__WHAT TO WORK ON__
Transcribe the listing word for word, beginning at its first line and ending at the line containing "优化前的代码对DOM操作很频"; omit the pictures.

__TASK DATA__
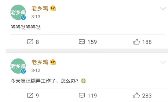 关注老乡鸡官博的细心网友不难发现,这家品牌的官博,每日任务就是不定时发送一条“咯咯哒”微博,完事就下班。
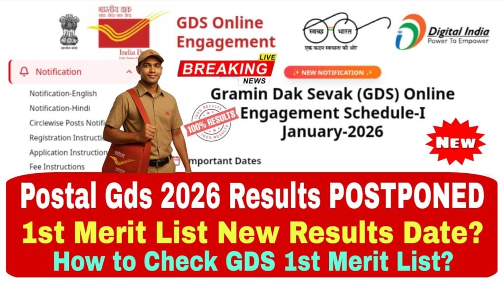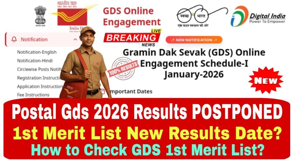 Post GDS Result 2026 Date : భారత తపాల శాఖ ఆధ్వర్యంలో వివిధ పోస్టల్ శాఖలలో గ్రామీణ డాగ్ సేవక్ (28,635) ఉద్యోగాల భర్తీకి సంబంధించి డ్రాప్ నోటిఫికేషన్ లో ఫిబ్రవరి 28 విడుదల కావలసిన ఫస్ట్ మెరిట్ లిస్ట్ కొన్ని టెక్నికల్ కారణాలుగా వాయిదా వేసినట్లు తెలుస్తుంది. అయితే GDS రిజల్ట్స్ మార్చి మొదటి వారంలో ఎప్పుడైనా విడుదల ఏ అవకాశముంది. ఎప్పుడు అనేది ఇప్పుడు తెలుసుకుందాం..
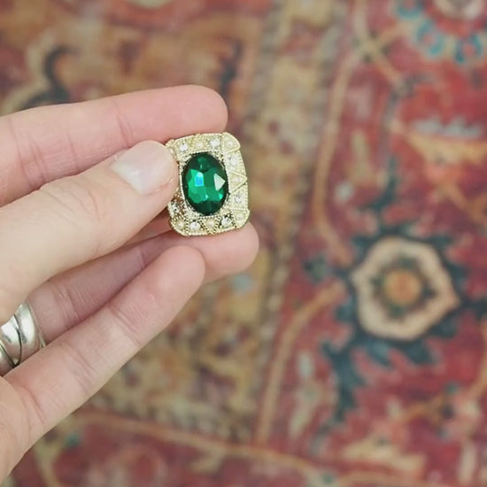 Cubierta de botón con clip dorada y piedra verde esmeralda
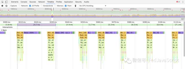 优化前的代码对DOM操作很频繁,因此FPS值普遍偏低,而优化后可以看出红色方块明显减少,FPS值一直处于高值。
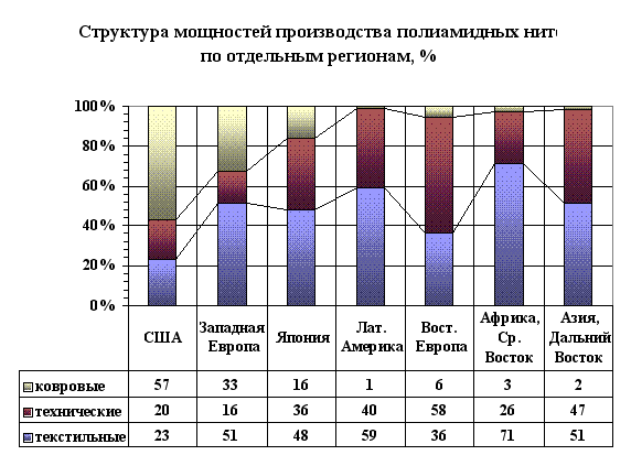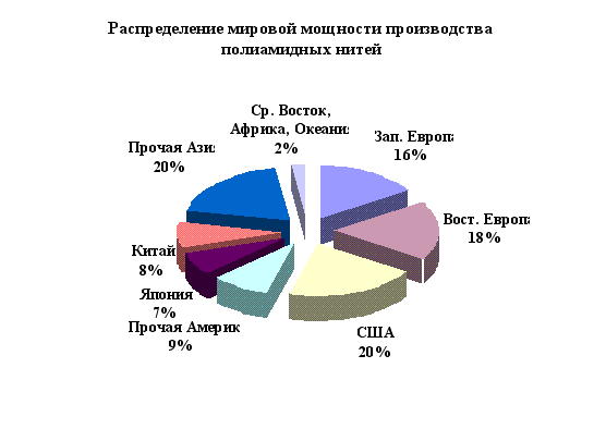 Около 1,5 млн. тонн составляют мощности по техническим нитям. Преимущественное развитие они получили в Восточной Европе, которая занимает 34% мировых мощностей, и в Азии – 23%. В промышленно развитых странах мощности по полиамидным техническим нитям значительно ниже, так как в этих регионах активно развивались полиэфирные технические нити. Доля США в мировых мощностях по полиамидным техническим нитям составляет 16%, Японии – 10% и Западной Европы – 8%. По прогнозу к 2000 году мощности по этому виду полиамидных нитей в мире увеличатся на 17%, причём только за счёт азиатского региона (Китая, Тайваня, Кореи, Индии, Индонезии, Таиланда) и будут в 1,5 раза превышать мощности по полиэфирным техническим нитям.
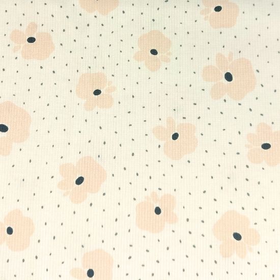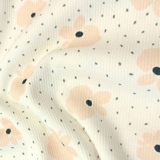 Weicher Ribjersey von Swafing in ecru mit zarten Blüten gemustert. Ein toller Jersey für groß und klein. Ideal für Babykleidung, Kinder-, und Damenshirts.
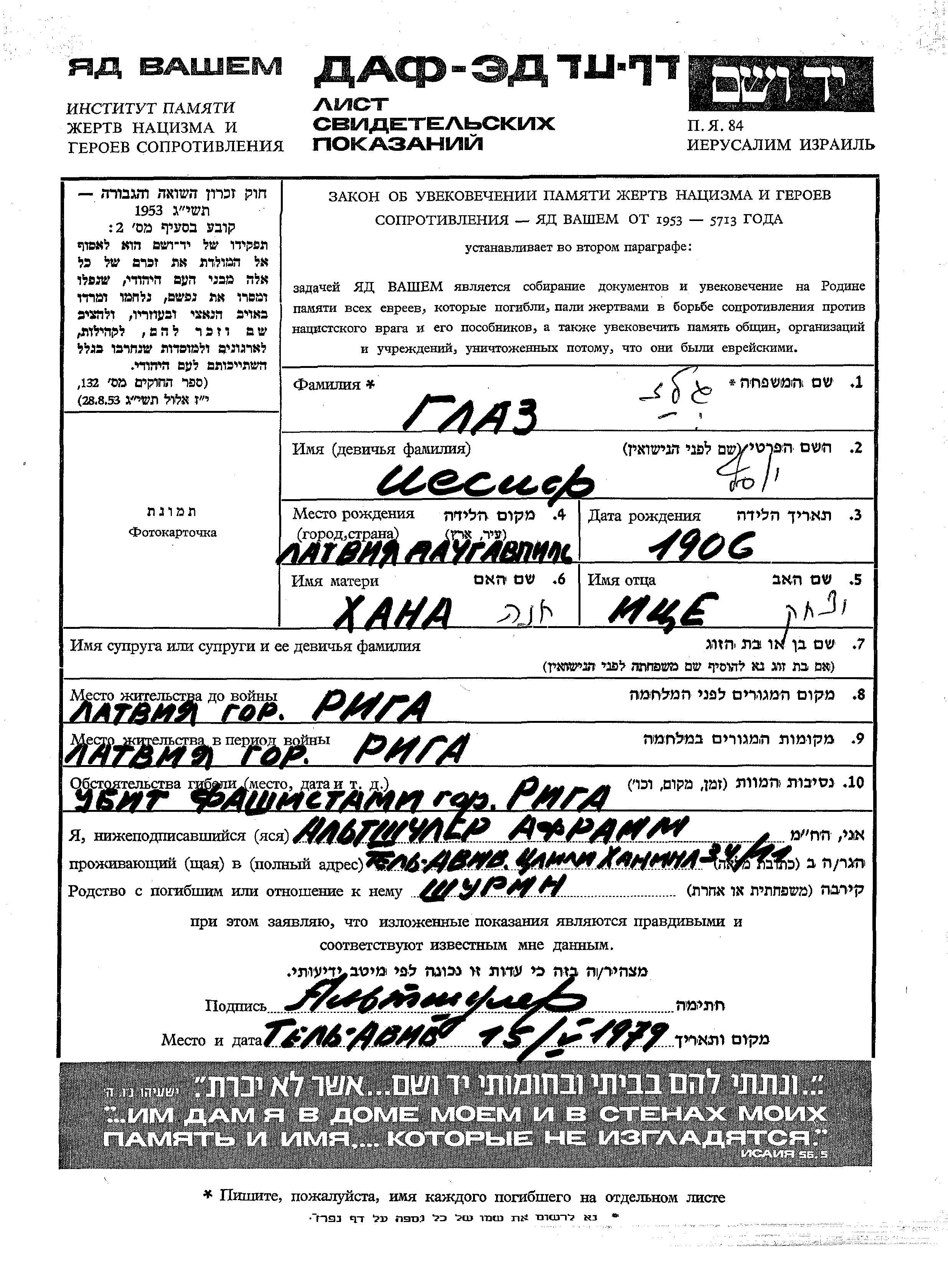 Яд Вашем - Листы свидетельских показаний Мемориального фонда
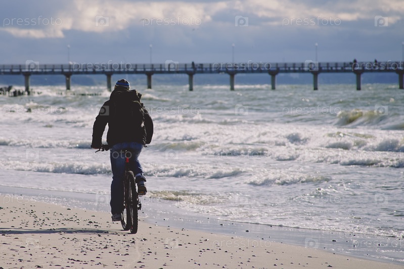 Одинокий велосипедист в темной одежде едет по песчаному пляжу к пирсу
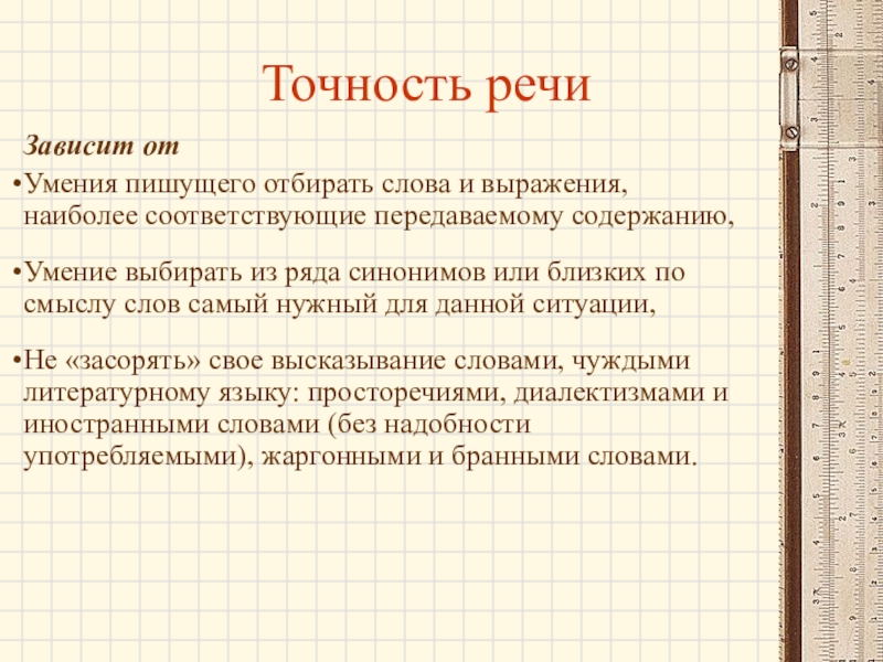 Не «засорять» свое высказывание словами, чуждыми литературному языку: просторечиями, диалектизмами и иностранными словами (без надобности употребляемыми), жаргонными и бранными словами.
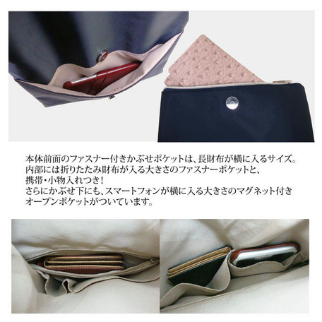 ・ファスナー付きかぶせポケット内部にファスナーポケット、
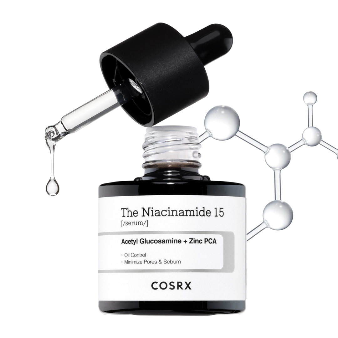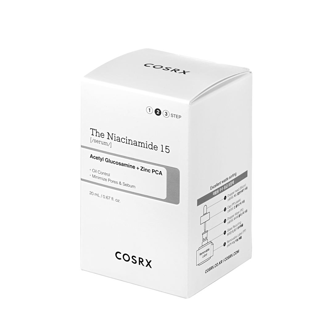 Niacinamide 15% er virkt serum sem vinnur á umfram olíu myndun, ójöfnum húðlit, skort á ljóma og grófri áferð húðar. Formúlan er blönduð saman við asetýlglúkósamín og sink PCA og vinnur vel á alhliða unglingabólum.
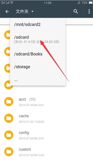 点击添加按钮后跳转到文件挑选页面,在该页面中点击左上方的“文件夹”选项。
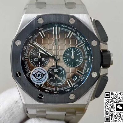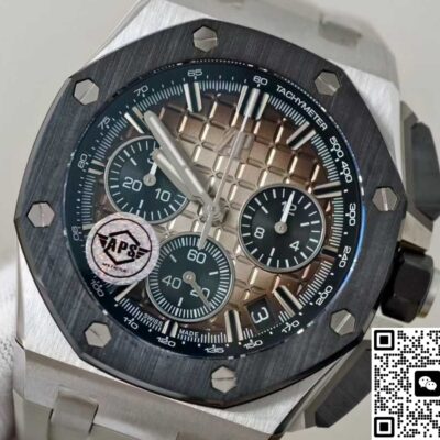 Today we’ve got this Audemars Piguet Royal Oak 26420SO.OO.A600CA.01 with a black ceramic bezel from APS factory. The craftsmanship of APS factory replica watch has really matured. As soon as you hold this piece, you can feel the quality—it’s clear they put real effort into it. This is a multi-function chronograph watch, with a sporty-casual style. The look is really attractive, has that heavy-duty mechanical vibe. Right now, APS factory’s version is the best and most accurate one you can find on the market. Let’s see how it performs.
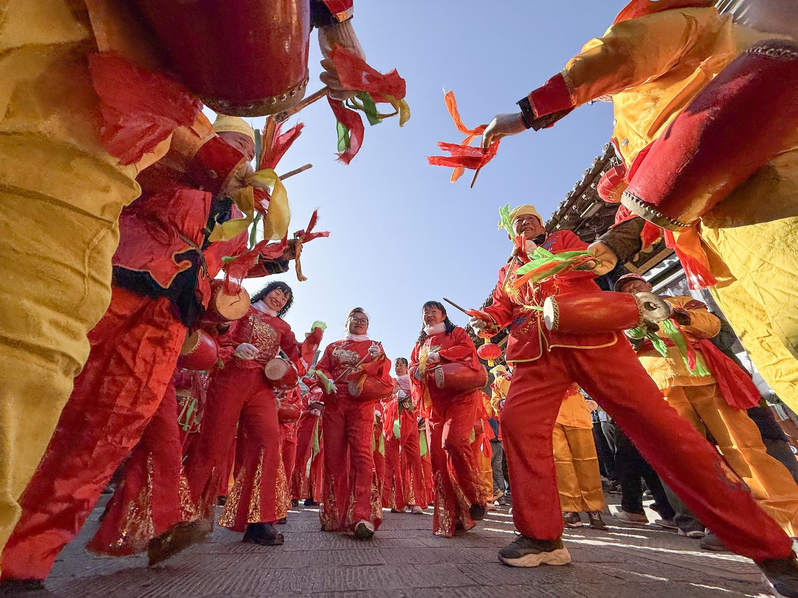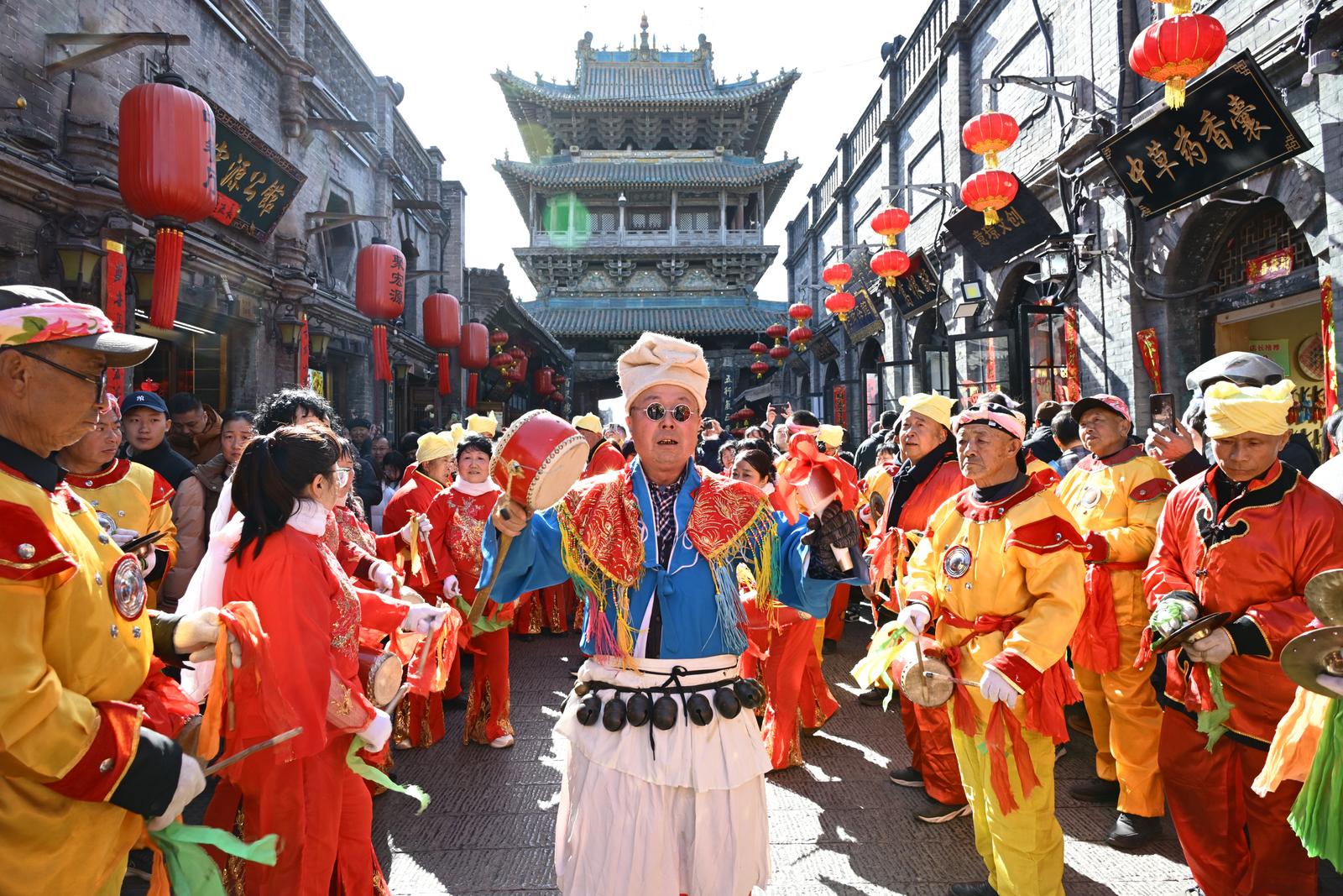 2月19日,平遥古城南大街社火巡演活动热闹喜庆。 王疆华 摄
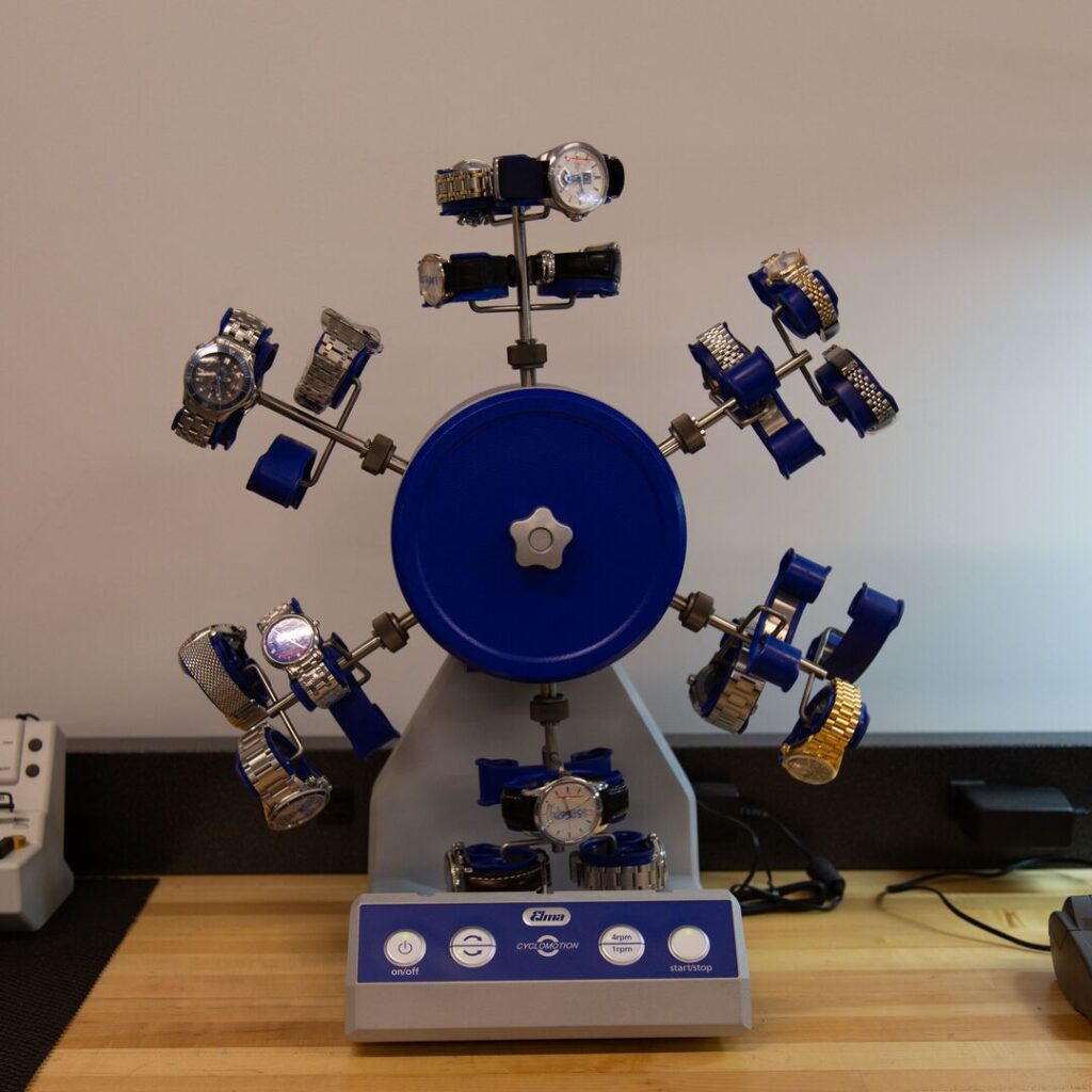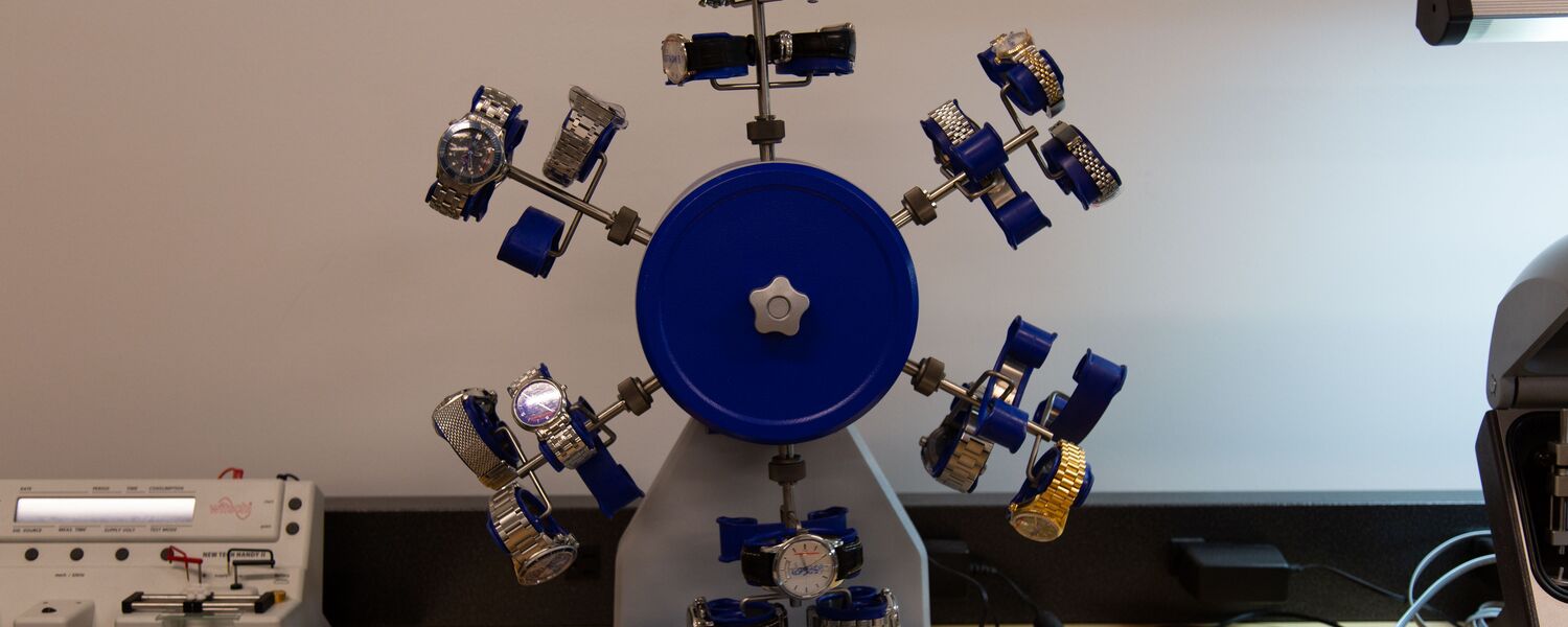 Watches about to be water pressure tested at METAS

__SOLVED EXERCISE__
 关注老乡鸡官博的细心网友不难发现,这家品牌的官博,每日任务就是不定时发送一条“咯咯哒”微博,完事就下班。
 Post GDS Result 2026 Date : భారత తపాల శాఖ ఆధ్వర్యంలో వివిధ పోస్టల్ శాఖలలో గ్రామీణ డాగ్ సేవక్ (28,635) ఉద్యోగాల భర్తీకి సంబంధించి డ్రాప్ నోటిఫికేషన్ లో ఫిబ్రవరి 28 విడుదల కావలసిన ఫస్ట్ మెరిట్ లిస్ట్ కొన్ని టెక్నికల్ కారణాలుగా వాయిదా వేసినట్లు తెలుస్తుంది. అయితే GDS రిజల్ట్స్ మార్చి మొదటి వారంలో ఎప్పుడైనా విడుదల ఏ అవకాశముంది. ఎప్పుడు అనేది ఇప్పుడు తెలుసుకుందాం..
 Cubierta de botón con clip dorada y piedra verde esmeralda
 优化前的代码对DOM操作很频繁,因此FPS值普遍偏低,而优化后可以看出红色方块明显减少,FPS值一直处于高值。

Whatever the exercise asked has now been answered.